Querying Unstructured Data with Pyramid
The lack of effective methods for how to analytically use unstructured data is a common problem that we often hear from our customers. Getting the data in, is proving to be far simpler than getting the analysis of the data out. Pyramid now has an answer - starting with data connectors for MongoDB.
Unstructured vs Structured
It seems many organizations have found numerous data related problems can be solved effectively with the simplicity and speed of unstructured data stores - especially in the realm of IoT. Since the target system requires no formalized structure, it is significantly faster to store the loads of incoming data into a framework that is not concerned with how it looks, its data types, structure or even its size. This makes the 'storing of data' business significantly simpler (and more cost effective) than the relational data business: where data needs to be carefully inserted into databases and tables; it needs to meet data type and sizing standards; and it needs to be committed carefully to ensure it can be rolled back in the event of failure. The unstructured universe, in many respects, is unconcerned with most of these 'requirements'.
Indeed, it goes a step further. What would be related data added to multiple tables in a relational world, can be stored as a simple parcel of data in a single addition to the unstructured system - using 'nested' data fragments and records. Again, simplifying the data capture process dramatically.
Anybody in the data business will comfortably admit that there is no value collecting data if you cannot get some type of insight from it. That includes accounting data to see the status of a business; web logs to see which pages are most visited; and fitness device recordings to monitor your health. Or put simply, if we cannot analyze the data to derive some understanding, the collection of it is pointless. In business terms, there needs to be a way to monetize the information - usually done with numerous tools and applications; some specialized and others generic.
Using structured data in classic business analytics is the easiest example of such monetization - a very mature concept that is almost universally embraced. However, the same cannot be said for unstructured data. Marrying classic business analytic tools and technologies with the fluidity of unstructured data has proven to be a challenge.
And the reason is obvious: classic data analytic technologies today require structure.

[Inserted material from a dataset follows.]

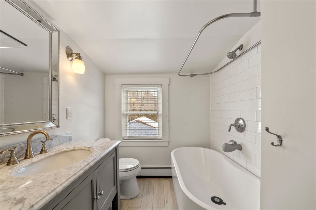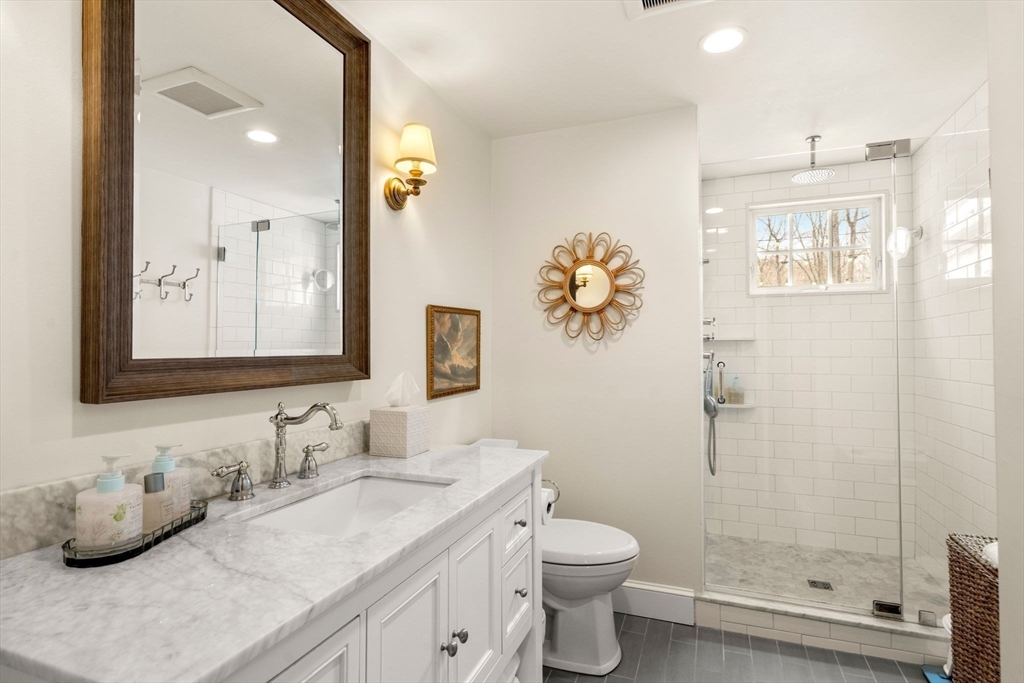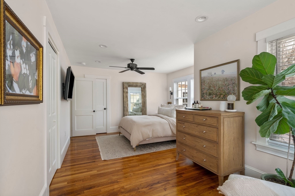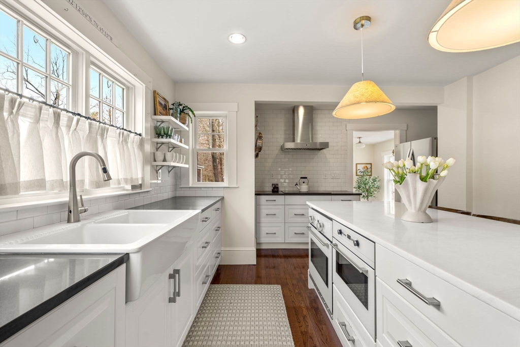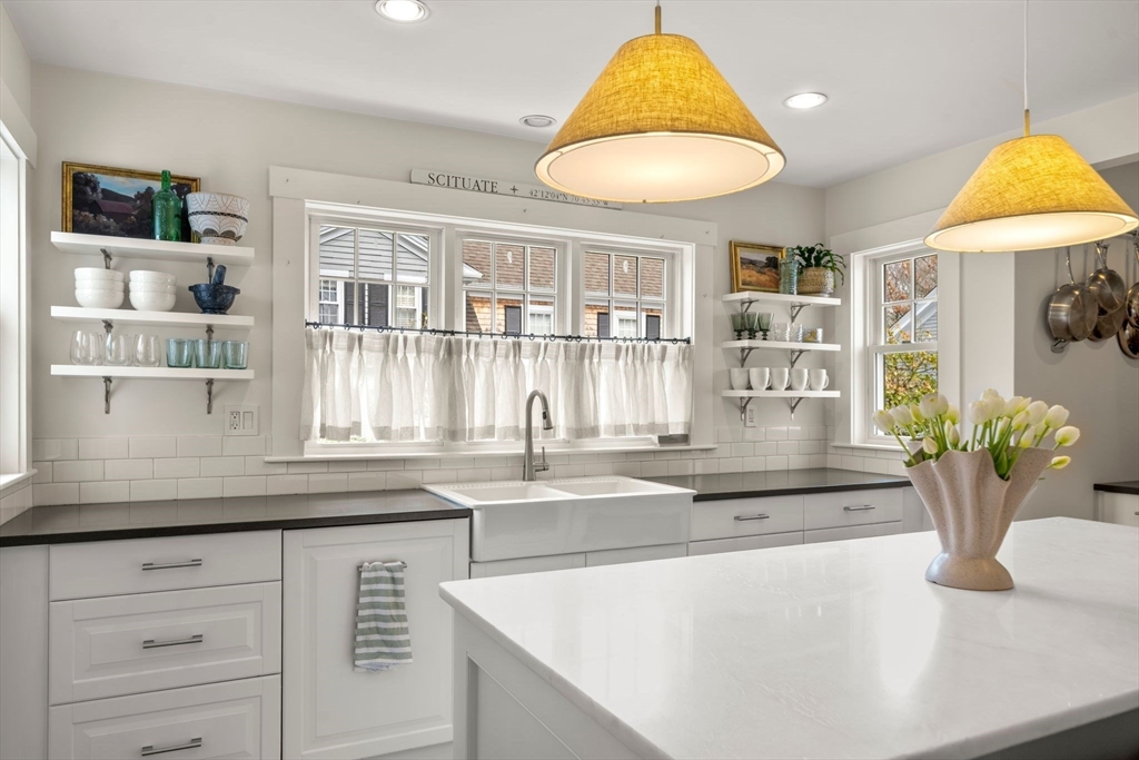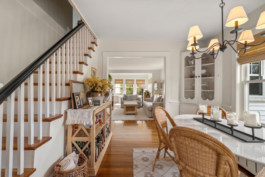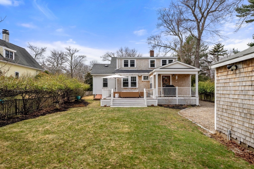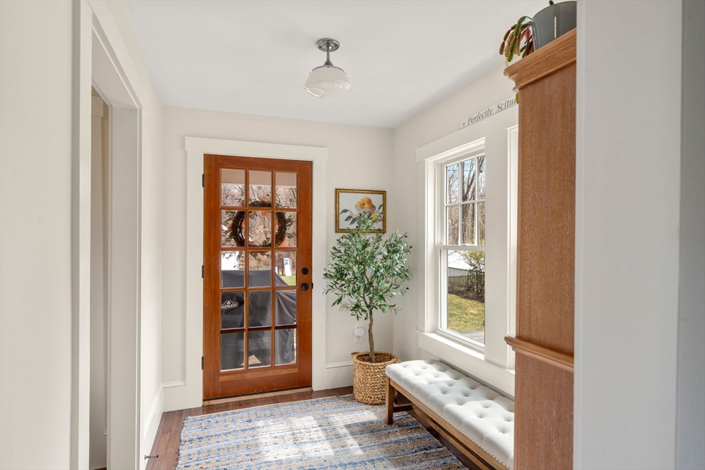 Quintessential New England Cape, beautifully redesigned for today’s modern lifestyle. Ideally located in the heart of town, just a short stroll to schools, Rec. Dept, library, ball fields, and town common. Enter through the newly finished covered porch into a spacious mudroom addition with custom laundry and built-in storage. The stunning designer kitchen showcases rich hardwood floors, an oversized island with polished marble countertops, crisp white cabinetry, and sleek stainless appliances. A sun-filled dining room blends original woodwork and built-ins with stylish updated lighting. The expanded living room offers generous space for entertaining, plus room for a play area or cozy reading nook. Large first-floor bedroom and full bath with glass-enclosed tiled shower provide flexible living options. Upstairs features three additional bedrooms and a full bath with soaking tub. Full basement, two-car garage, and expanded yard with deck perfect for summer cookouts after the beach.

There are various intermediate tools that address the gap, by using specialized tools for 'scanning' unstructured data; proposing a likely structure; and, allowing the analysis tools to query them in a common language. Pyramid with MongoDB's BI Connector, is one such example. (Pyramid with Apache Presto or Apache Drill are others).
The connector, using a 'probabilistic schema' model, allows Pyramid to directly query the unstructured MongoDb data sources giving end users the ability to analyze the data in the same way as analyzing a relational/structured data stack.
Whether the data is stored as flat fragments, as separated entities or nested data fragments in more complicated structures, the tools are able to decipher the schemas and present them to the end users for analysis.
Pyramid and MongoDb
What makes the Pyramid implementation of this solution interesting, however, is that we have brought the same level of simplicity and elegance available on all our data sources to MongoDb.
Using Pyramid's virtual schema and modeling framework, classic joins and metrics can be used to embellish the schema - giving the end-user the simplicity and freedom to analyze MongoDb data the same way they might analyze data in MS SQL Server, Oracle, Teradata or SAP Hana.
In Pyramid's discovery tool, MongoDb data is treated like any other data source, with all associated analytic and visualization capabilities intact. We can build custom formulas, lists and KPIs against the data, while putting it into presentations, dashboards and analytic publications like any other data source.
By giving unstructured data a full seat at the proverbial main table, users can start unlocking the many interesting insights captured in the data itself.